Can you treat spin-waves in AF semi-classically? I seem to think that you don't get a reasonable limit as the spin S -> infinity --- it oscillates in behaviour on S being a half-integer and S being integer. (And that's ignoring possible lattice frustration.)
 
Yes, you can.

Just like you can semi-classically treat, phonons, electrons, etc..

you can treat "magnons" semi-clasically too.
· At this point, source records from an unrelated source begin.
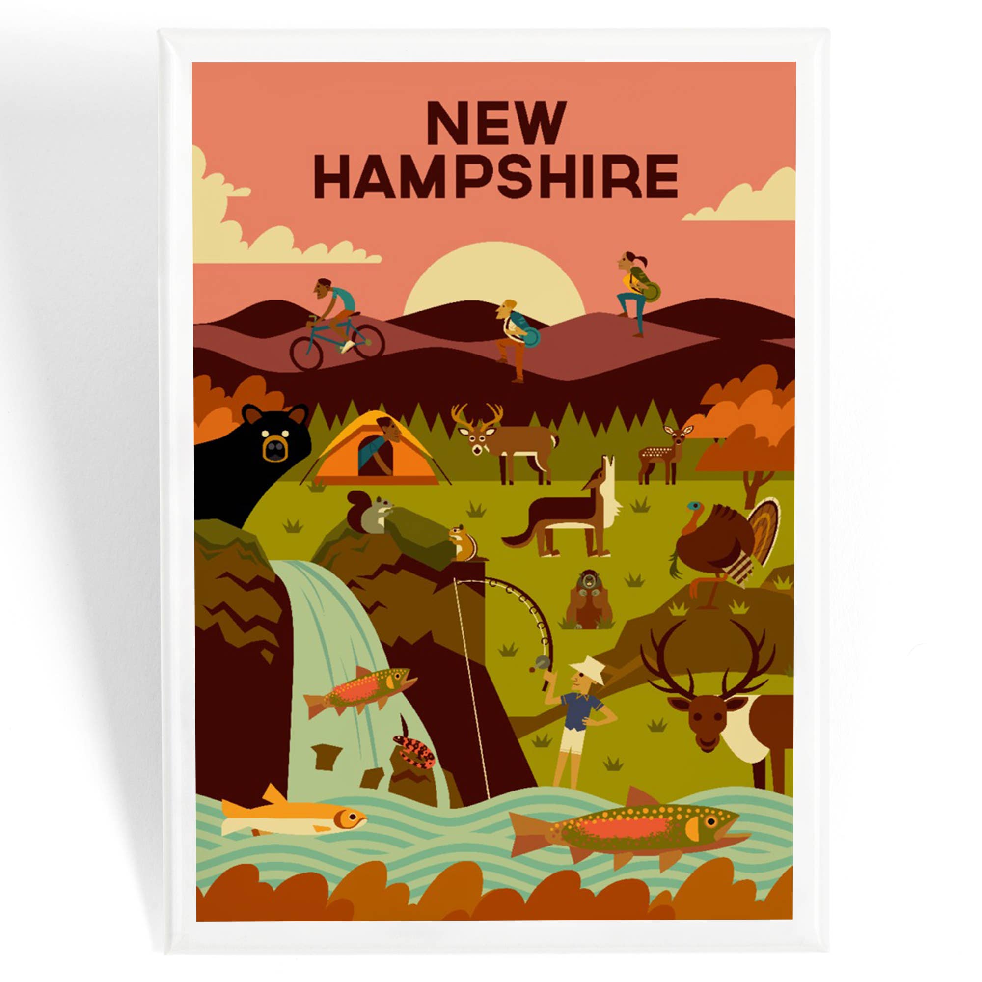 This rigid high quality button style magnet measures 2.5 x 3.5 inches. This item is the fridge magnet version. The magnets are bulk packed. This design is also available as a print, greeting card, postcard and as a large format canvas. All items made in the USA.
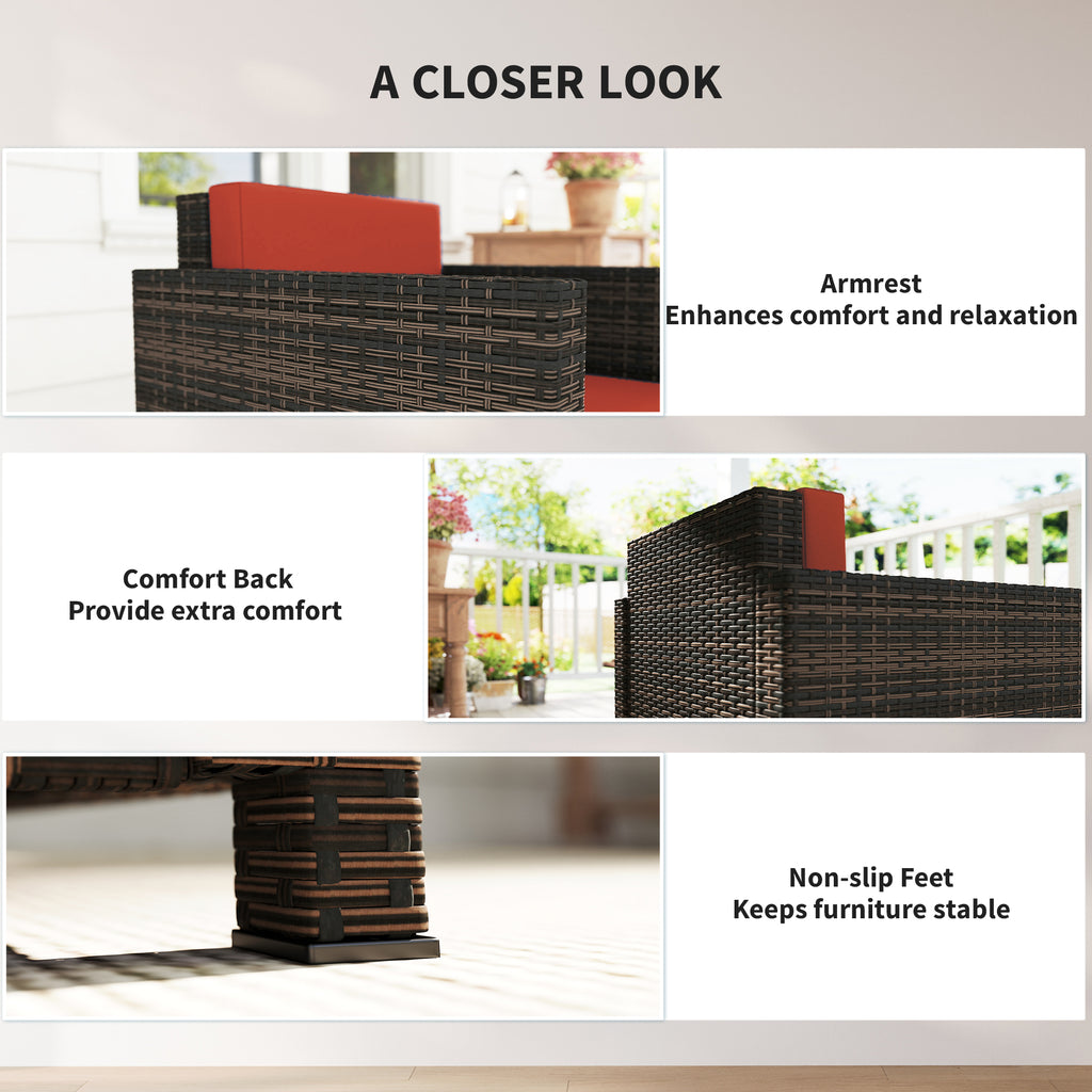 The comfy garden armchair from Outsunny. Made of a steel frame to prevent rust and damage outdoors, wrapped in rattan for easy cleaning and a mainstay in your garden furniture. Come with 10cm thick padded and plush cushions, as well as being water-resistant and having washable covers, with a high back and armrests for plenty of support—a great way to sit back and relax in the sun.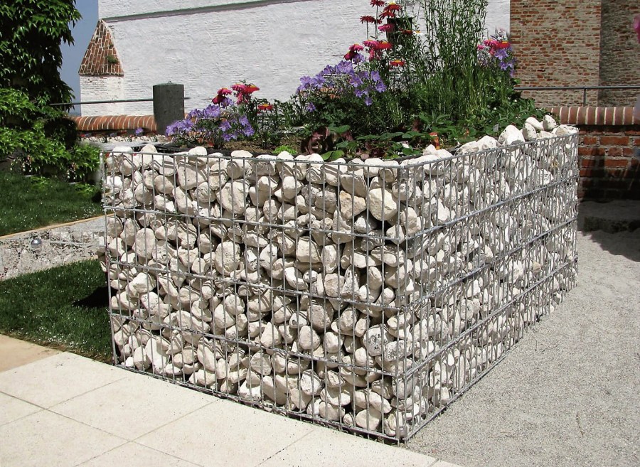 Рисунок 3. Для изготовления клумбы габионного типа потребуется галька, металлическая сетка и стальная оцинкованная проволока.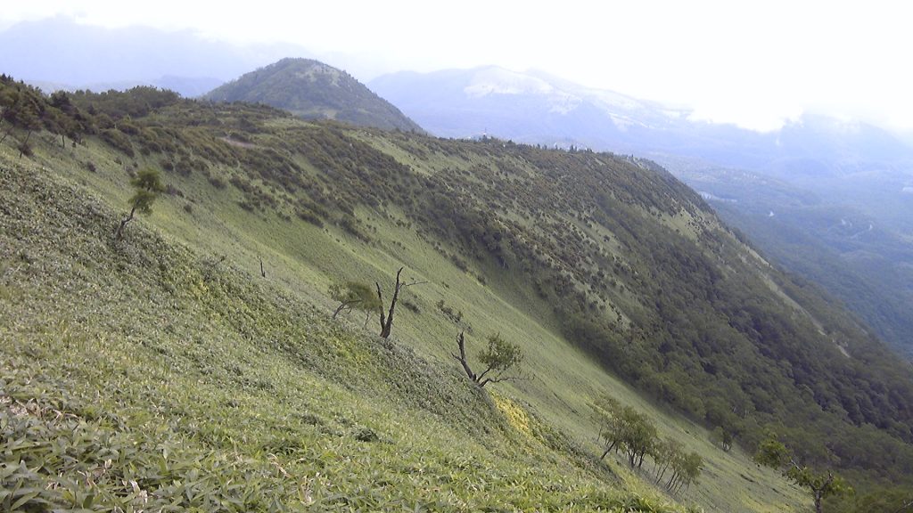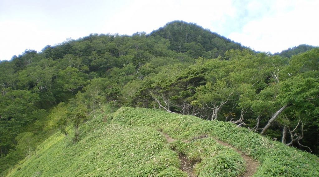 焼石金剛を過ぎると、この日一番歩きやすい尾根に出る。左側がきつい斜面でササ、右側がやや緩い斜面の自然林である。緑と深緑のコントラストの中間を登る。傾斜はそこそこあるが、でこぼこしていないので歩きやすい。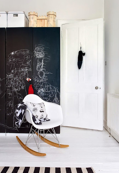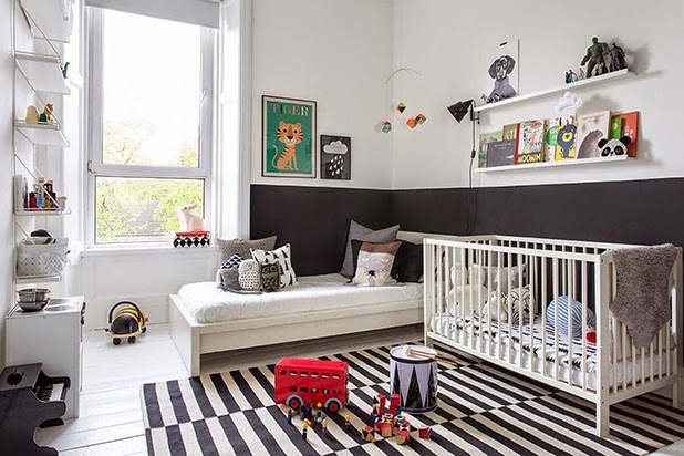 Me ha encantado la habitación infantil, esa combinación de cama para niño y cuna, supongo que será porque están en proceso de que el bebé se haga mayor o que los hermanos dueraman juntos, sea como sea, la distribución y la idea me ha parecido buenísima.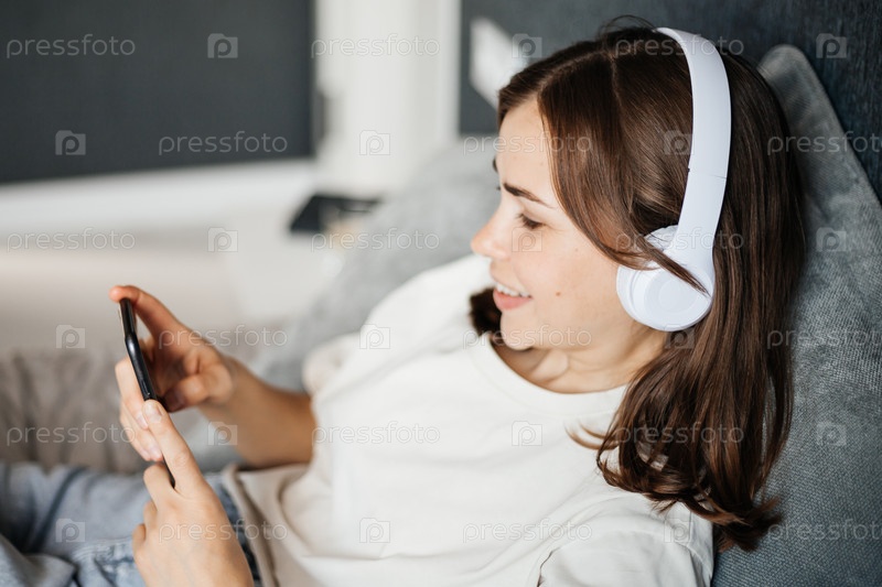 Молодая женщина, одетая в наушники и смотрящая на свой смартфон во время отдыха на диване
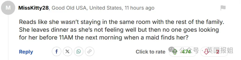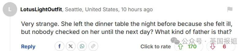 “太奇怪了,她因为不舒服提前离开晚餐,然而到第二天之前都没有人检查过她的情况?这是什么样的父亲?”

Semi-classical,in this context, means an input from quantum mechanics (like dispersion relations, density of states, or effective mass which more or less give equivalent information) accompanied with classical dynamics equations.
 
No, I mean does it make for a good approximation (of course you *can* always just postulate a classical particle + corrections). Certainly in 1D spin-1/2 AF do not have spin waves as an elementary particle, since the spinon and holons are deconfined; in this case, I would say that a semi-classical treatment of spin-waves is not appropriate. Usually, in the ferromagnetic case, things are justified because S->infinity is a well defined limit in which we really do get spin waves, and we can argue for a 1/S expansion, in which case the leading order corrections can be seen as interactions. In the AF case, this can not be done analogously.
 
sokrates, I had a look at my copy again. Methinks that Anderson uses in the last chapter "anti-ferromagnetism and broken symmetry" basically a semi-classical approximation, especially the decoupling of the equation of motion, where he replaces the cross product of spin operators by their mean values, neglecting quantum fluctuations is a semi-classical argumentation.
 
DrDu said:
sokrates, I had a look at my copy again. Methinks that Anderson uses in the last chapter "anti-ferromagnetism and broken symmetry" basically a semi-classical approximation, especially the decoupling of the equation of motion, where he replaces the cross product of spin operators by their mean values, neglecting quantum fluctuations is a semi-classical argumentation.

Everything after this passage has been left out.